In Neo, the target (“Neo”) was the subject of a hostile partial take-over by Pala Investment Holdings Limited (“Pala”). The Pala bid was a “permitted bid” under Neo’s existing rights plan since the Pala bid was open for acceptance for 60 days rather than the statutory minimum of 35 days. Prior to its expiry, the Neo board adopted a “tactical” rights plan, which was approved by Neo’s shareholders. The new rights plan did not include a partial bid within the definition of a “permitted bid”. Pala requested that the OSC cease trade the Neo rights plans in order to allow its bid to proceed.

The OSC declined to issue a cease trade order. Pala argued that the only legitimate purpose of a rights plan is to provide a target board with additional time to seek alternative transactions to enhance shareholder value as part of an auction process. The OSC stated that, in considering whether to exercise its public interest jurisdiction to cease trade a rights plan, it will carefully assess all circumstances surrounding implementation of the plan, including whether “informed shareholder approval” was given. The OSC stated that, while it would not decline to exercise its jurisdiction to cease trade a rights plan in appropriate circumstances, deference should be given to legitimate decisions of the board of directors of target companies. While “fully informed” shareholder approval of a tactical shareholders’ rights plan is an important consideration in determining whether to allow a plan to continue, the OSC noted that shareholder approval will not necessarily prevail in circumstances where it can be shown that the target directors failed to carry out their duties in the best interests of the corporation and the body of the target shareholders, or there is evidence of undue pressure on target shareholders by management or the board to approve the plan. The OSC concluded that the Neo shareholders were “informed” and that the board’s decision to implement the plan was a product of its bona fide business judgment. The OSC found no evidence of coercion of Neo shareholders by the board or management.

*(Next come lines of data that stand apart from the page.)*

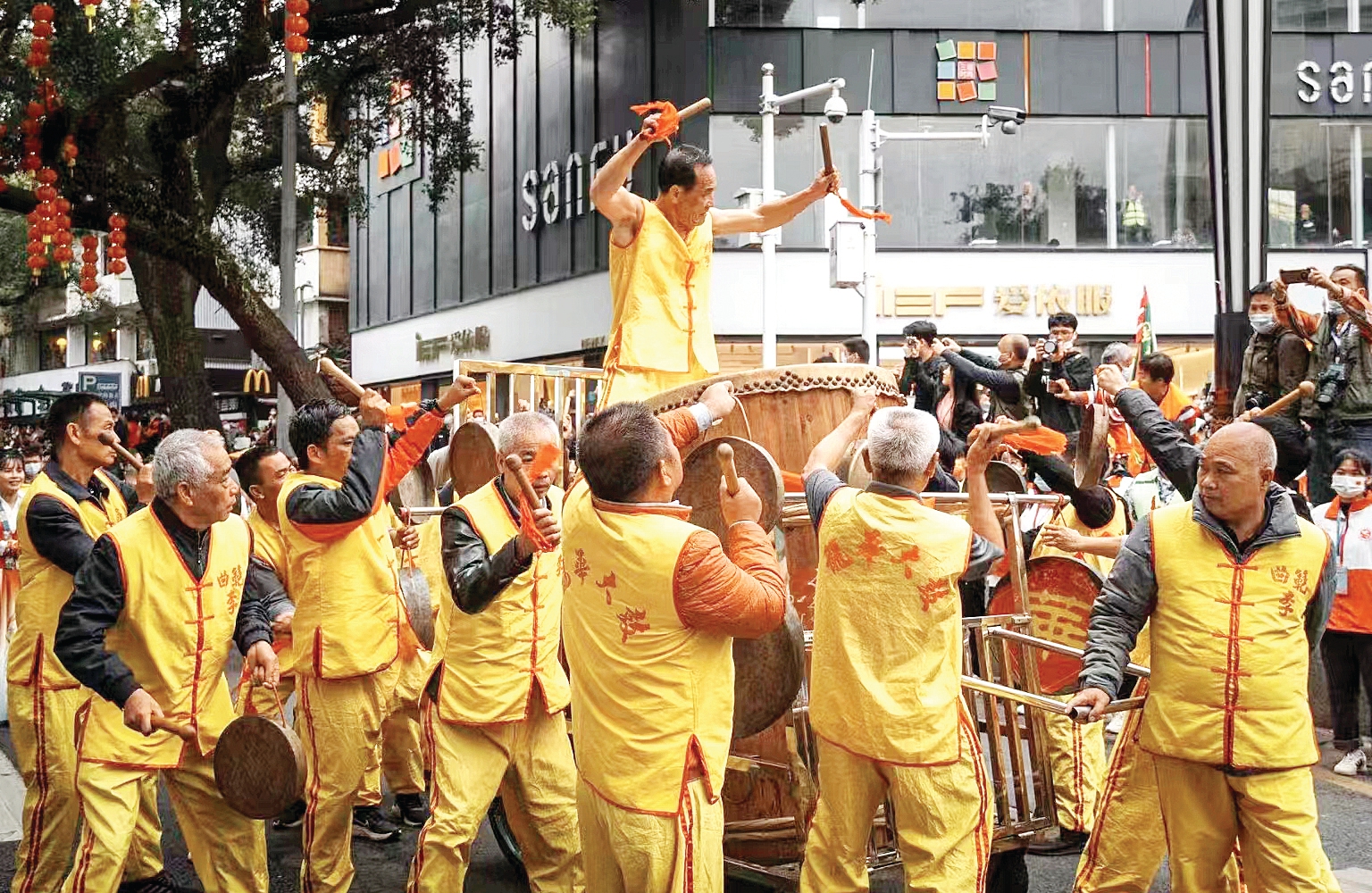“打龍華大鼓是我們一個(gè)很重要的民間習(xí)俗,已經(jīng)流傳幾百年了,我們有責(zé)任把這項(xiàng)民間藝術(shù)傳承下去。”李滿池說(shuō),只要有人愿意學(xué),他都愿意手把手認(rèn)真輔導(dǎo),“教年輕人握錘的姿勢(shì),怎么打鼓才不容易把鼓打爛,怎么打才比較靈活!背艘酝,李滿池還擔(dān)任龍華中心小學(xué)校外輔導(dǎo),這些年共教出了幾百名學(xué)生,其中“C位”鼓手就有三四十名。他還通過(guò)在龍華大鼓中增加旗幟、變化陣容等,為龍華大鼓傳承注入新動(dòng)力。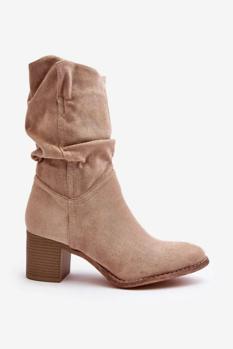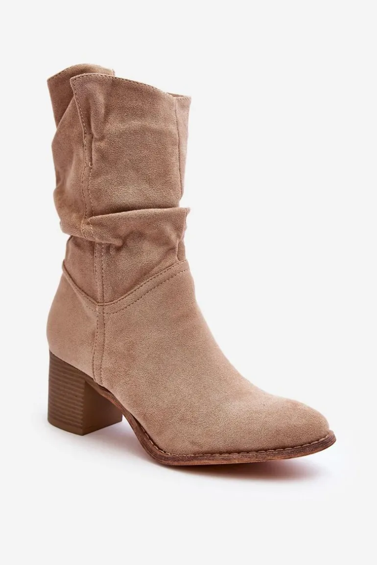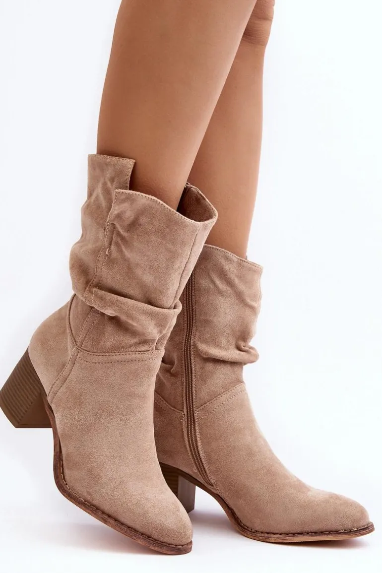 Damskie botki z marszczoną cholewką za kostkę. Wykonane z eko zamszu. Osadzone na obcasie w postaci słupka. Noski w migdał. Środek ocieplony kocem obuwniczym. Zapinane na suwak z boku. Model ten dopasujesz do wielu stylizacji. Koniecznie powinnaś je mieć! Przy wyborze rozmiaru prosimy sugerować się tabelą rozmiarów.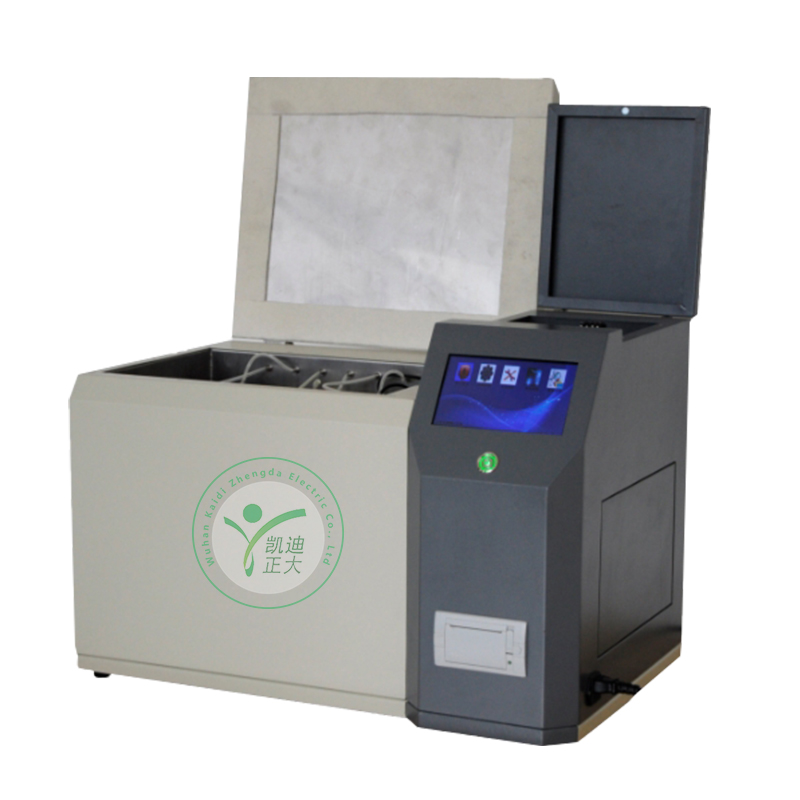 KDSR-303D全自動(dòng)水溶性酸測(cè)試儀(比色法)是根據(jù)中華人民共和國國家標(biāo)準(zhǔn)GB/T7598-2008運(yùn)行中變壓器油水溶性酸測(cè)試法及相關(guān)標(biāo)準(zhǔn)設(shè)計(jì)制造。采用大屏幕液晶顯示,利用微處理器控制,可以根據(jù)用戶的設(shè)定條件自動(dòng)完成加熱、恒溫、振蕩、取樣、測(cè)試、清洗、打印等功能,可以一次性測(cè)量1-6個(gè)樣品,縮短了用戶的測(cè)試時(shí)間。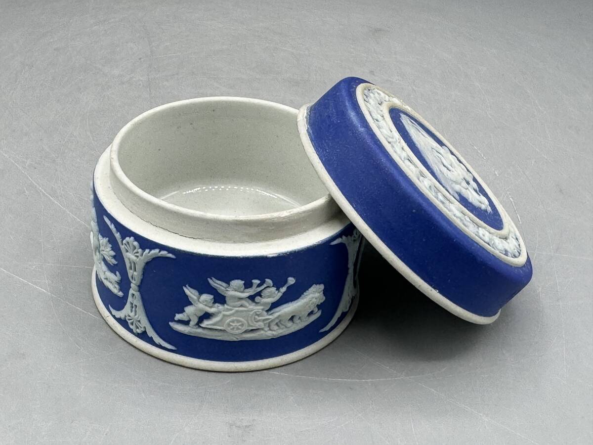 - ウェッジウッド ジャスパー ポートランドブルー 蓋付 小物入れ ジャスパーウェア (765)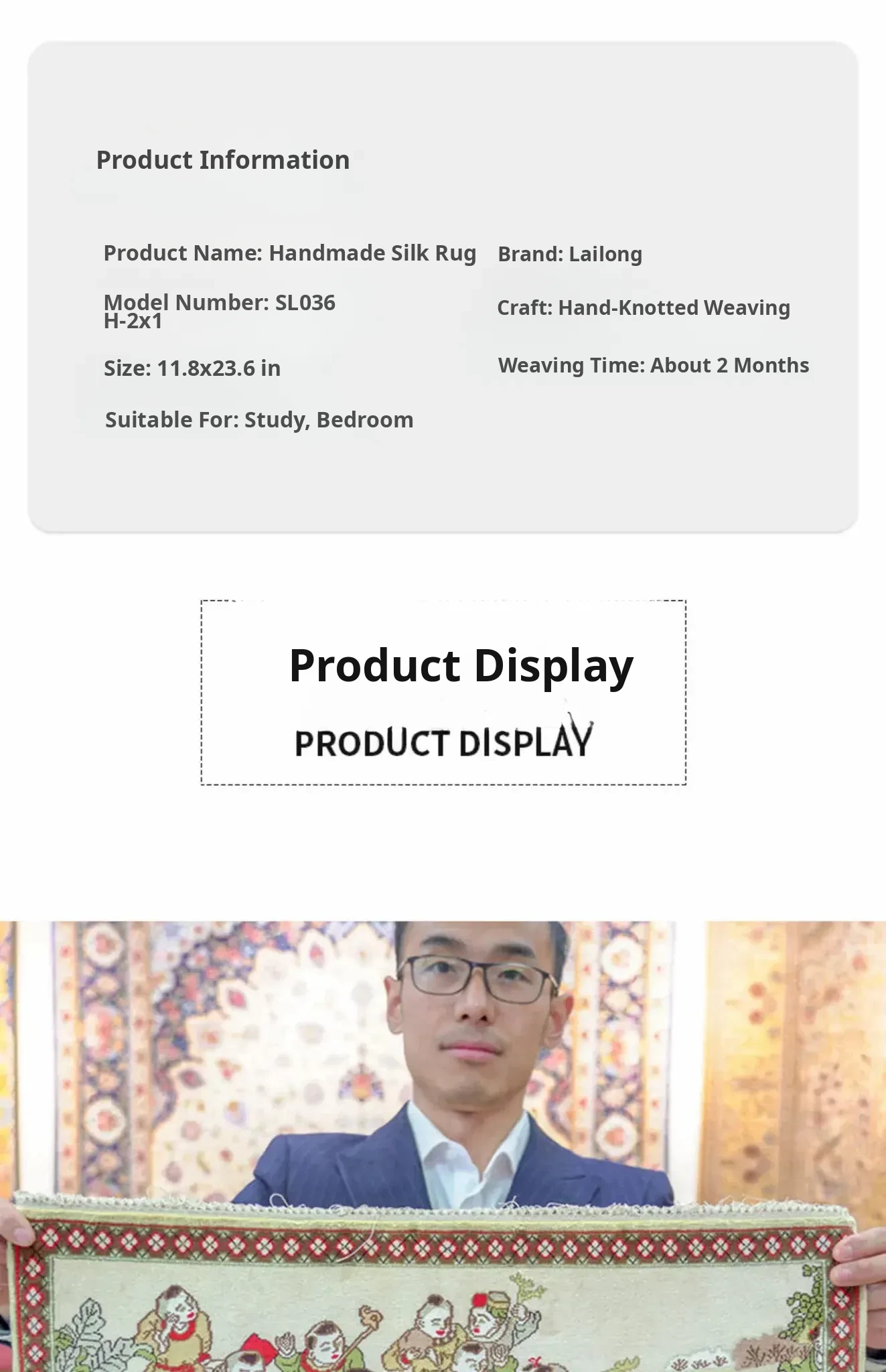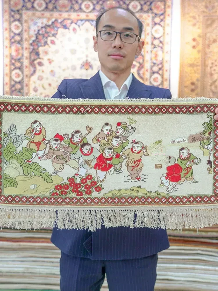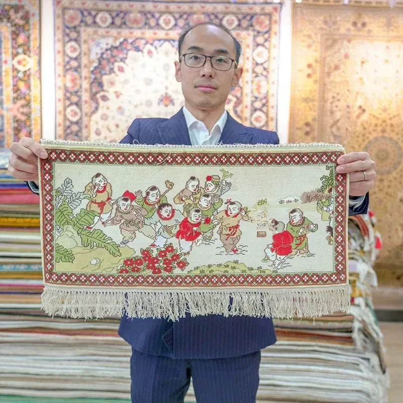 Tianjiang Handmade Silk Tapestry Carpet - 30x60cm Decorative Wall Hanging & Play Mat for Infants - Unique Knotted Design for Stylish Living Rooms
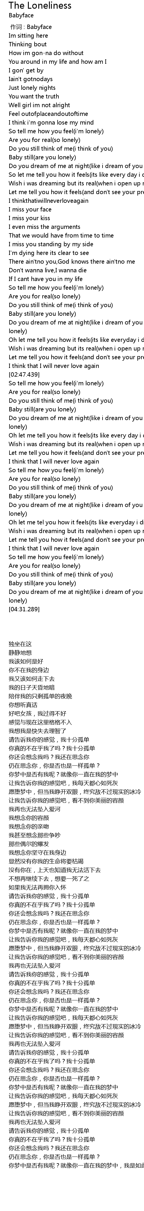 | [04:17.769] | So tell me how you feel(i'm lonely) |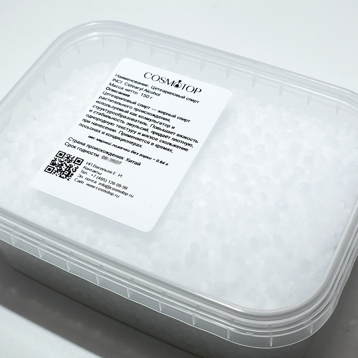 Цетеариловый спирт (Cetearyl Alcohol) — жирный спирт, представляющий собой смесь цетилового (C16) и стеарилового (C18) спиртов. Используется как структурообразователь, загуститель и коэмульгатор в кремах, лосьонах, кондиционерах и других косметических продуктах. Придаёт эмульсиям плотность, улучшает стабильность и повышает сенсорные свойства. Образует на коже мягкую, шелковистую плёнку без ощущения жирности.

The Neo reasons are interesting in terms of the OSC’s acknowledgment of the “business judgment rule” (which is largely a product of US jurisprudence). The OSC emphasized that directors’ fiduciary duties are broad and must be considered in the context of the particular situation. The Neo decision suggests that the duty of directors in the context of a change of corporate control is not merely confined to short term profits or share values and it is appropriate for directors to look to the long term interests of the corporation where the corporation is operating as a going concern. The decision is fairly clear that the purpose of a shareholder rights plan (including a tactical plan) is not limited to simply providing sufficient time to the target board to conduct an auction for the company or to seek alternative bidders. A rights plan (including a tactical plan) may be implemented by a target board to protect the long term interests of its shareholders. A board may legitimately determine that, in the face of an unsolicited bid, it is not necessarily in the best interests of the corporation to run an auction for the company at that precise point in time.

Canadian securities regulators have historically approached rights plans from the perspective of considering not if, but when, a rights plan should be terminated by a cease trade order. In Neo, the OSC rejected that analysis with the proposition that as long as the rights plan continues to allow the target board to fulfil its fiduciary duty, then the plan has a purpose and should be allowed to continue. Neo may, however, be factually different than most typical rights plan cases which do not always involve shareholder approval of a tactical rights plan during an unsolicited bid.